*** Supplied data ***

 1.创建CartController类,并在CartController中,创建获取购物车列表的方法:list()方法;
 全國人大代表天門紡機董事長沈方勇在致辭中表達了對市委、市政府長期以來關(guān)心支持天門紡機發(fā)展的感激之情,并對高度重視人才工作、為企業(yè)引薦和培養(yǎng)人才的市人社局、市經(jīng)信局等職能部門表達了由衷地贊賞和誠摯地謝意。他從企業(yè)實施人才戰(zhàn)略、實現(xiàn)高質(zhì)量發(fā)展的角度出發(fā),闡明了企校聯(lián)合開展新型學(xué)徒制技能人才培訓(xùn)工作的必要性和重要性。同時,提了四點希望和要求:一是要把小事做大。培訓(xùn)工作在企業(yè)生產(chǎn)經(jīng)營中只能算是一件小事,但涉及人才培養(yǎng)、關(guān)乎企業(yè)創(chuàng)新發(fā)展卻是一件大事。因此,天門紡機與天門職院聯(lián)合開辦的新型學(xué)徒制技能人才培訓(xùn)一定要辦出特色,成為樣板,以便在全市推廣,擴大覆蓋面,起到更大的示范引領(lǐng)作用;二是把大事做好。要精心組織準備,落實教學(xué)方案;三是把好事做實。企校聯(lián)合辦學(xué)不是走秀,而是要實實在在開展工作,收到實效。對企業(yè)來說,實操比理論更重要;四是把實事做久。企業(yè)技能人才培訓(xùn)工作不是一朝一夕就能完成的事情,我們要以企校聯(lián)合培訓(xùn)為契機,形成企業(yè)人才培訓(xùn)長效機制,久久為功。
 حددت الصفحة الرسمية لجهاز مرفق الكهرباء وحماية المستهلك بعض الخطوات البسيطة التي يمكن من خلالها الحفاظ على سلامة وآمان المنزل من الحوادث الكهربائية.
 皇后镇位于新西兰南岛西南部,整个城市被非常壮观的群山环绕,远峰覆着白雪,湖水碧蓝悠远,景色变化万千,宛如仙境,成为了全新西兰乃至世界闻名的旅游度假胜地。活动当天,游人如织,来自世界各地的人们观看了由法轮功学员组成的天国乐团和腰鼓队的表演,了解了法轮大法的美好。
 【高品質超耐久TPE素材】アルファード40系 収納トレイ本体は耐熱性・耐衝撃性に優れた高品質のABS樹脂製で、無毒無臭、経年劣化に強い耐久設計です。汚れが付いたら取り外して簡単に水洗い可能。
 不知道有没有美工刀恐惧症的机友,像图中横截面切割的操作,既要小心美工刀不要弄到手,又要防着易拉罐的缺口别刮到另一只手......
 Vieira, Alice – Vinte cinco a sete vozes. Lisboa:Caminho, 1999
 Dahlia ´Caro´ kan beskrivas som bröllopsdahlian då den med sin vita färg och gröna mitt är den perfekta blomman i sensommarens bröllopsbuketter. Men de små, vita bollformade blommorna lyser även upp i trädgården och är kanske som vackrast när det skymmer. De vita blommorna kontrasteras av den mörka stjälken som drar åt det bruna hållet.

*** End of Supplied data ***

--- Task goal ---
Word for word, transcribe the data shown above.

--- Solution for this exercise ---
 1.创建CartController类,并在CartController中,创建获取购物车列表的方法:list()方法;
 全國人大代表天門紡機董事長沈方勇在致辭中表達了對市委、市政府長期以來關(guān)心支持天門紡機發(fā)展的感激之情,并對高度重視人才工作、為企業(yè)引薦和培養(yǎng)人才的市人社局、市經(jīng)信局等職能部門表達了由衷地贊賞和誠摯地謝意。他從企業(yè)實施人才戰(zhàn)略、實現(xiàn)高質(zhì)量發(fā)展的角度出發(fā),闡明了企校聯(lián)合開展新型學(xué)徒制技能人才培訓(xùn)工作的必要性和重要性。同時,提了四點希望和要求:一是要把小事做大。培訓(xùn)工作在企業(yè)生產(chǎn)經(jīng)營中只能算是一件小事,但涉及人才培養(yǎng)、關(guān)乎企業(yè)創(chuàng)新發(fā)展卻是一件大事。因此,天門紡機與天門職院聯(lián)合開辦的新型學(xué)徒制技能人才培訓(xùn)一定要辦出特色,成為樣板,以便在全市推廣,擴大覆蓋面,起到更大的示范引領(lǐng)作用;二是把大事做好。要精心組織準備,落實教學(xué)方案;三是把好事做實。企校聯(lián)合辦學(xué)不是走秀,而是要實實在在開展工作,收到實效。對企業(yè)來說,實操比理論更重要;四是把實事做久。企業(yè)技能人才培訓(xùn)工作不是一朝一夕就能完成的事情,我們要以企校聯(lián)合培訓(xùn)為契機,形成企業(yè)人才培訓(xùn)長效機制,久久為功。
 حددت الصفحة الرسمية لجهاز مرفق الكهرباء وحماية المستهلك بعض الخطوات البسيطة التي يمكن من خلالها الحفاظ على سلامة وآمان المنزل من الحوادث الكهربائية.
 皇后镇位于新西兰南岛西南部,整个城市被非常壮观的群山环绕,远峰覆着白雪,湖水碧蓝悠远,景色变化万千,宛如仙境,成为了全新西兰乃至世界闻名的旅游度假胜地。活动当天,游人如织,来自世界各地的人们观看了由法轮功学员组成的天国乐团和腰鼓队的表演,了解了法轮大法的美好。
 【高品質超耐久TPE素材】アルファード40系 収納トレイ本体は耐熱性・耐衝撃性に優れた高品質のABS樹脂製で、無毒無臭、経年劣化に強い耐久設計です。汚れが付いたら取り外して簡単に水洗い可能。
 不知道有没有美工刀恐惧症的机友,像图中横截面切割的操作,既要小心美工刀不要弄到手,又要防着易拉罐的缺口别刮到另一只手......
 Vieira, Alice – Vinte cinco a sete vozes. Lisboa:Caminho, 1999
 Dahlia ´Caro´ kan beskrivas som bröllopsdahlian då den med sin vita färg och gröna mitt är den perfekta blomman i sensommarens bröllopsbuketter. Men de små, vita bollformade blommorna lyser även upp i trädgården och är kanske som vackrast när det skymmer. De vita blommorna kontrasteras av den mörka stjälken som drar åt det bruna hållet.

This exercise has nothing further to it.